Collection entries
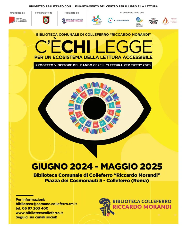 COLLEFERRO – “C’èChi legge: per un ecosistema della lettura accessibile” è il progetto del Comune di Colleferro e della Biblioteca Comunale “Riccardo Morandi”, in collaborazione con l’Azienda di servizi alla persona disabile visiva S. Alessio – Margherita di Savoia, il Consorzio Sistema Castelli Romani, la Federazione Nazionale delle Istituzioni Pro Ciechi, la Libreria C&C Catena e l’Unione Italiana dei Ciechi e degli Ipovedenti Sezione Territoriale di Roma.
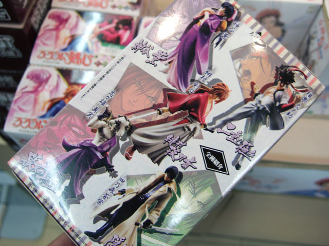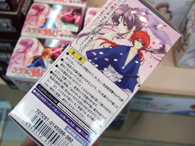緋村剣心、神谷薫、相楽左之助、四乃森蒼紫、志々雄真実の5種+色違い1種の全6種。1BOX10個入り。
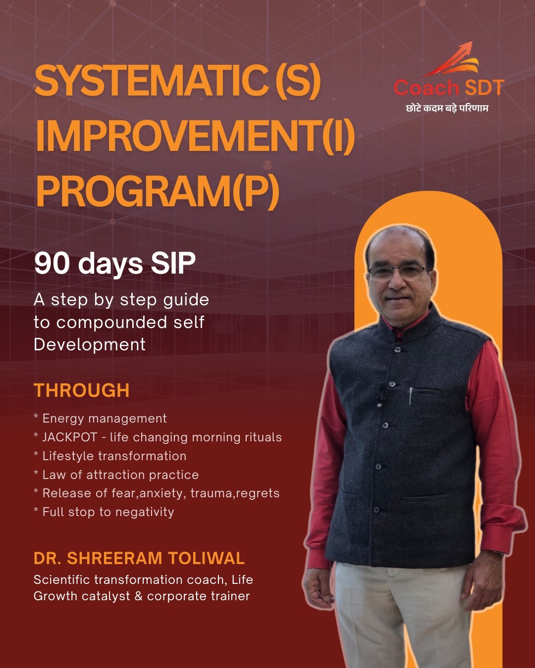 Coach SDT’s approach is practical, insightful, and life-changing. Dr. S. D. Toliwal’s ability to shape mindset, discipline, and inner balance makes him a true mentor for both personal and professional growth. — Dr . Keyur Brahmabhatt, HOD IT Dept. BVM Vallabh Vidyanagar
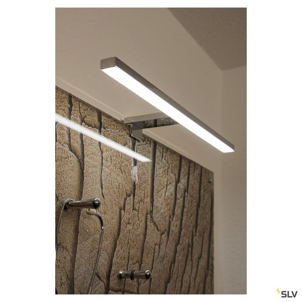 Intérieur appliques avec corps lumineux LED fixe. Matériau principal: Aluminium et plastique, Couleur: chrome, Form: rectangulaire, Puissance assignée: 6.6 W, Flux lumineux assigné: 370 lm, Température de couleur (CCT): 4000K, Indice général de rendu des couleurs (IRC) Ra: 80, Maintien du flux lumineux: L70B50 ≥ 30000 h, Classe de protection (EN 61140): II, Indice de protection (DIN EN 60529): IP44, donc protection contre les corps étrangers solides > 1mm et protection contre les projections d'eau de toutes directions, Tension d'alimentation: 200-240V ~50Hz sek. 340mA, Dimension (L/W/H): ( 50 / 12 / 4 cm ), Poids: 0.397 kg. Le produit répond aux exigences essentielles des directives européennes applicables et de la loi sur la sécurité des produits et porte le marquage CE.SLV Référence 1000780 / EAN 4024163190725
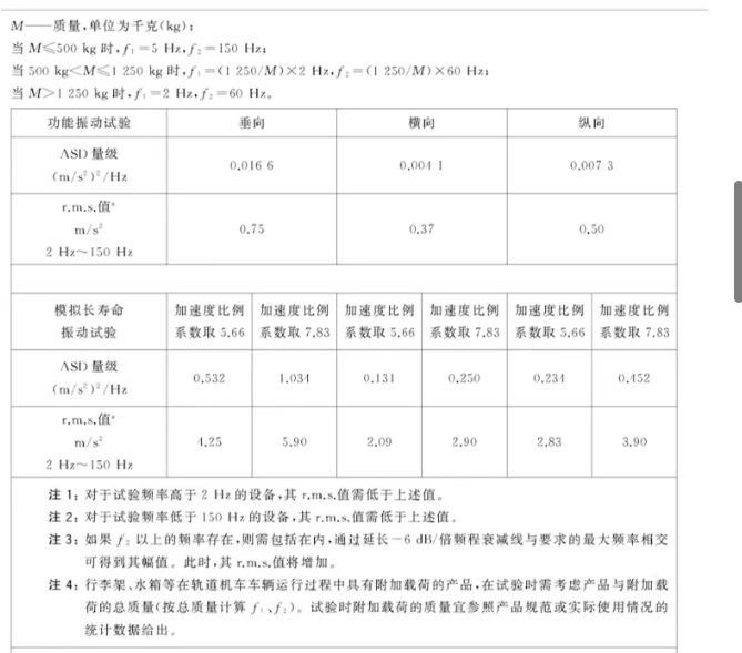 ——功能振動試驗,施加最小的試驗量級,驗證被測設備在軌道機車車輛上可能的環境條件下能否正常工作,是否滿足制造商和用戶的雙方性能需求;——模擬長壽命試驗:證實在加速運行振動量級條件下設備機械結構的完好性,在試驗時候不必檢查設備的功能。
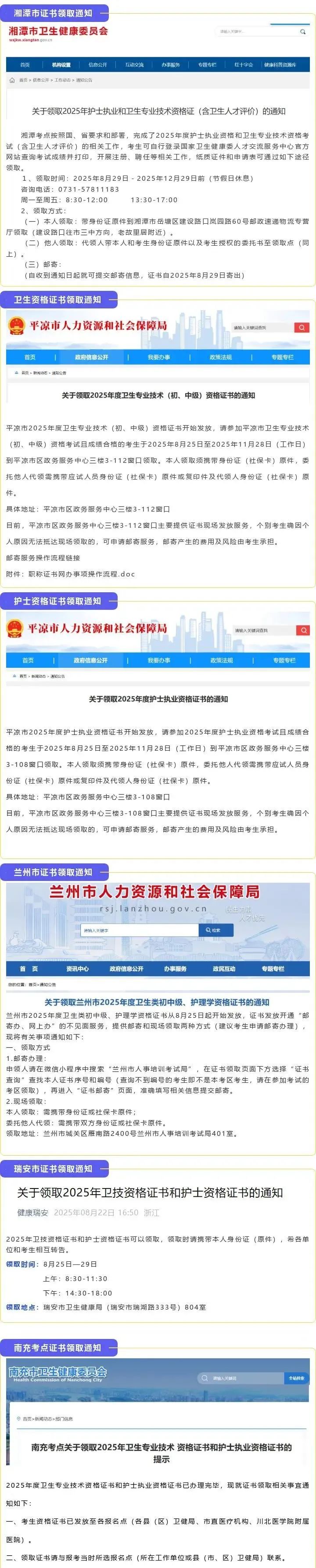 25年护士/卫生资格证书领取通知,新增湘潭/平凉/兰州/瑞安/南充

◆ **WHAT TO DO**: Would you please repeat only the lines above, beginning at the one that has "緋村剣心、神谷薫、相楽左之助" and stopping after the one that has "Coach SDT’s approach", exactly and with no pictures?

◆ **EXERCISE ANSWER**:
緋村剣心、神谷薫、相楽左之助、四乃森蒼紫、志々雄真実の5種+色違い1種の全6種。1BOX10個入り。
 Coach SDT’s approach is practical, insightful, and life-changing. Dr. S. D. Toliwal’s ability to shape mindset, discipline, and inner balance makes him a true mentor for both personal and professional growth. — Dr . Keyur Brahmabhatt, HOD IT Dept. BVM Vallabh Vidyanagar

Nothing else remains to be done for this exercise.